* RECORDS TO USE:
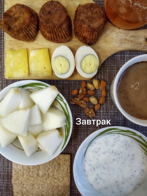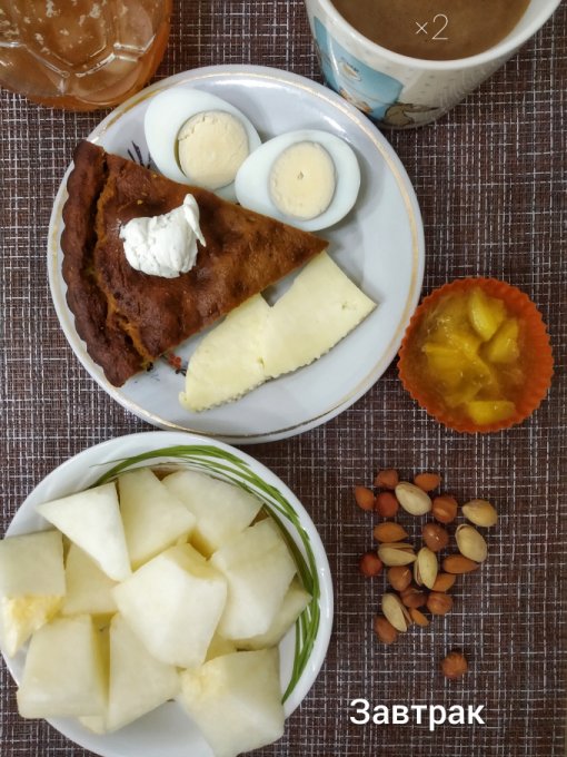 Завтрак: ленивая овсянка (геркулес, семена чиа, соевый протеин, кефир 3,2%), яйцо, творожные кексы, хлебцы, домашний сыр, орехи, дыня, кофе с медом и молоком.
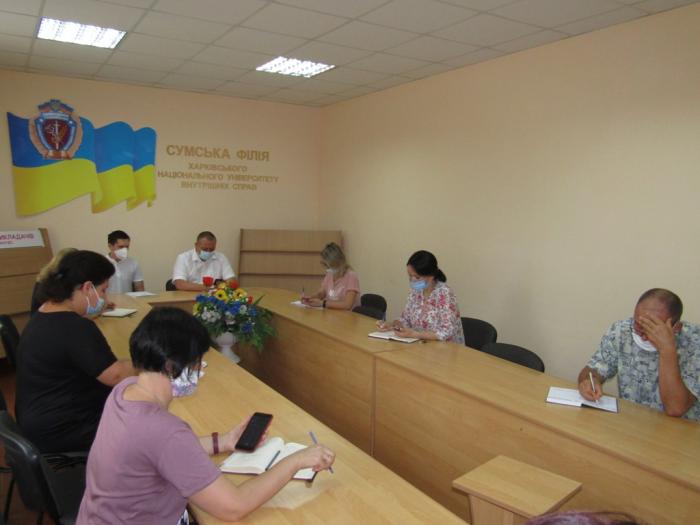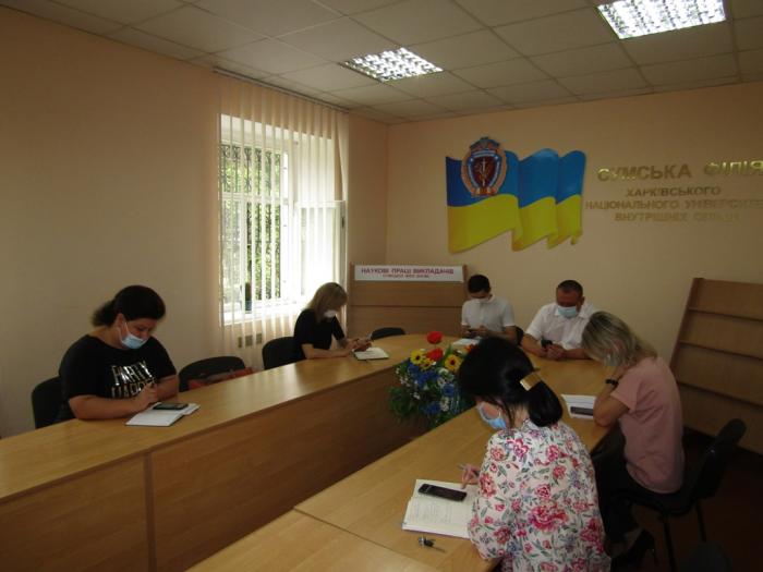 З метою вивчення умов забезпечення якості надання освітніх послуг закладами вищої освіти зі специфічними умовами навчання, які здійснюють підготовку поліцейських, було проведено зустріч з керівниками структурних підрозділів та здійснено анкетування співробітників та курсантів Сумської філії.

==

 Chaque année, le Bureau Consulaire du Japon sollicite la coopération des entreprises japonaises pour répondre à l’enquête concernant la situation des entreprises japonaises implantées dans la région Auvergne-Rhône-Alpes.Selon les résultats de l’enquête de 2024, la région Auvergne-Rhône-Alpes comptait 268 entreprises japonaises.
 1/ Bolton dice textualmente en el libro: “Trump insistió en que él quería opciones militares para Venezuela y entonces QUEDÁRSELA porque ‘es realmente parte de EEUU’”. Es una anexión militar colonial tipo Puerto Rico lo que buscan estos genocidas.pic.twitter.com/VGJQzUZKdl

==

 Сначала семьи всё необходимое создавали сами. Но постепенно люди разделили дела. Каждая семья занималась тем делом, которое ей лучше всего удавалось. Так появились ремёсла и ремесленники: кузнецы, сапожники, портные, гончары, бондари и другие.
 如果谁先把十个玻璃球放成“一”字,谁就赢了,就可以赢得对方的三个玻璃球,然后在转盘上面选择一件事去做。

* EXERCISE: Repeat word for word the lines above that run from the line containing "Chaque année, le" through the line containing "1/ Bolton dice", both ends included, and nothing else.

* EXERCISE SOLUTION:
 Chaque année, le Bureau Consulaire du Japon sollicite la coopération des entreprises japonaises pour répondre à l’enquête concernant la situation des entreprises japonaises implantées dans la région Auvergne-Rhône-Alpes.Selon les résultats de l’enquête de 2024, la région Auvergne-Rhône-Alpes comptait 268 entreprises japonaises.
 1/ Bolton dice textualmente en el libro: “Trump insistió en que él quería opciones militares para Venezuela y entonces QUEDÁRSELA porque ‘es realmente parte de EEUU’”. Es una anexión militar colonial tipo Puerto Rico lo que buscan estos genocidas.pic.twitter.com/VGJQzUZKdl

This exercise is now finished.